Transforming growth factor β1 (TGF-β1) is a platelet-derived cytokine involved in both normal wound healing and scarring [
30]. TGF-β activates mesenchymal stem cells and fibroblasts, to produce extracellular matrix (ECM) proteins and deposit connective tissue [
31]. TGF-β can be secreted from activated microglia, and its secretion can be induced by thrombin [
32]. Monroe et al. [
33] showed that platelets play a major role in localizing and controlling the burst of thrombin generation leading to fibrin clot formation.
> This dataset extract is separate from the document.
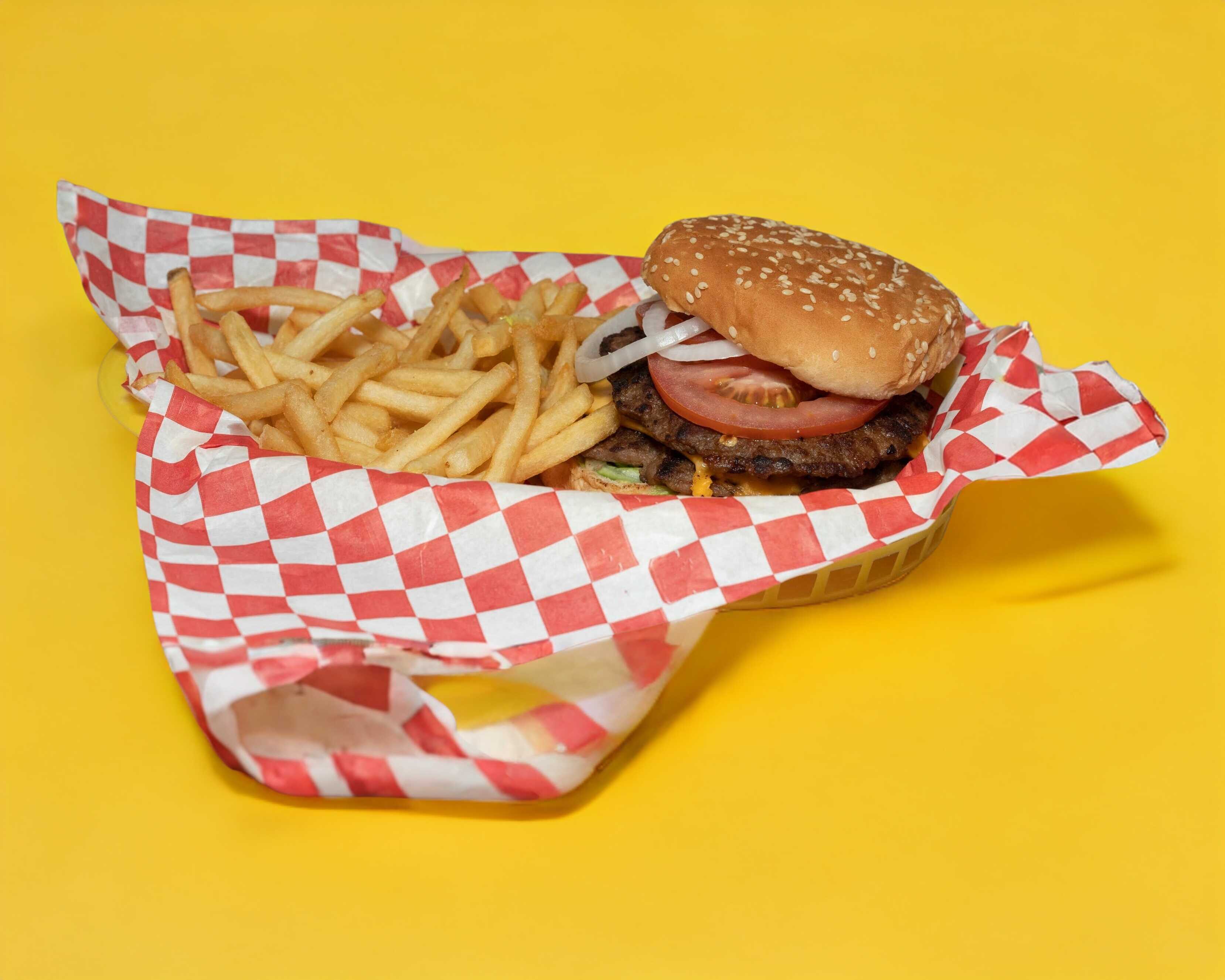Hamburguesa Doble Sencilla con Queso + Papas a La Francesas Sencillas + Coca cola.

Additionally, the increased level of ECM proteins, induced by TGF-β stimulation, may lead to its deposition in the cerebroventricular system and disruption of the CSF dynamics causing hydrocephalus [
19,
34]. Mice with transgenic TGF-β overexpression developed hydrocephalus with higher expression of ECM proteins in their brains than wild types [
35]. Intrathecal TGF-β1 injection in mice resulted in development of hydrocephalus, and TGF-β1 expression was significantly higher in brains of neonatal rats with post-hemorrhagic ventricular dilatation after injection of blood intraventricular [
34,
36]. In a clinical study, increased TGF-β1 and ECM protein expression in the CSF was associated with PHH development in preterm infants [
37,
38]. Additionally, inhibiting TGF-β1 minimized the long-term PHH and neurocognitive deficits in germinal matrix hemorrhage (GMH) model in rats [
39]. Although the mechanism of TGF-β signaling after GMH and its association with PHH development has been established, we are still in short of studies that detect the changes to CSF dynamics as a consequence of TGF-β signaling and fibrosis.
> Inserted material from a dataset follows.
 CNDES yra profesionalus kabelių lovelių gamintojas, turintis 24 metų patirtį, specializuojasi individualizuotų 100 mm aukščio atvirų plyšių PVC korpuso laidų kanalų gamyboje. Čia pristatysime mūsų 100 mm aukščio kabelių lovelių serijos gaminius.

To summarize, platelets play a decisive role in fibrin clot formation and to a major extent decide its firmness and stability. Additionally, platelets through mediating TGF-β complex play an important role in the development of the astrogliosis disrupting the CSF dynamics intraparenchymally and contributing to the development of PHH. Hence, we hope that through further studies focusing on these information, we could help to minimize the incidence of development of PHH following IVH in neonates.